SECTION 3.05 Properties.
(a) Generally. Each Company has good title to, or valid leasehold interests in, all its property material to its business, free and clear of all Liens except for, in the case of Collateral, Permitted Liens and, in the case of all other material property, Permitted Liens and minor irregularities or deficiencies in title that, individually or in the aggregate, do not interfere with its ability to conduct its business as currently conducted or to utilize such property for its intended purpose. The property of the Companies, taken as a whole, (i) is in good operating order, condition and repair (ordinary wear and tear excepted) and (ii) constitutes all the property which is required for the business and operations of the Companies as presently conducted.
(b) Real Property. Schedules 8(a) and 8(b) to the Perfection Certificate dated the Closing Date contain a true and complete list of each interest in Real Property (i) owned by any Loan Party as of the date hereof and describes the type of interest therein held by such Loan Party and whether such owned Real Property is leased and if leased whether the underlying Lease contains any option to purchase all or any portion of such Real Property or any interest therein or contains any right of first refusal relating to any sale of such Real Property or any portion thereof or interest therein and (ii) leased, subleased or otherwise occupied or utilized by any Loan Party, as lessee, sublessee, franchisee or licensee, as of the date hereof and describes the type of interest therein held by such Loan Party and, in each of the cases described in clauses (i) and (ii) of this Section 3.05(b), whether any Lease requires the consent of the landlord or tenant thereunder, or other party thereto, to the Transactions.
(c) No Casualty Event. No Company has received any notice of, nor has any knowledge of, the occurrence or pendency or contemplation of any Casualty Event affecting all or any material portion of its property. No Mortgage encumbers improved Real Property that is located in an area that has been identified by the Secretary of Housing and Urban Development as an area having special flood hazards within the meaning of the National Flood Insurance Act of 1968 unless flood insurance available under such Act has been obtained in accordance with Section 5.04.
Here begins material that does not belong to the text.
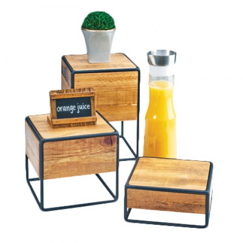 Madera Industrial Riser, 8"W x 8"D x 7-1/2"H, square, rustic pine panels, black metal frame

(d) Collateral. Each Company owns or has rights to use all of the Collateral and all rights with respect to any of the foregoing used in, necessary for or material to each Company’s business as currently conducted, except for the failure to own or have rights to use which, individually or in the aggregate, could not reasonably be expected to result in a Material Adverse Effect. The use by each Company of such Collateral and all such rights with respect to the foregoing do not infringe on the rights of any person other than such infringement which could not, individually or in the aggregate, reasonably be expected to result in a Material Adverse Effect. No claim has been made and remains outstanding that any Company’s use of any Collateral does or may violate the rights of any third party that could, individually or in the aggregate, reasonably be expected to result in a Material Adverse Effect.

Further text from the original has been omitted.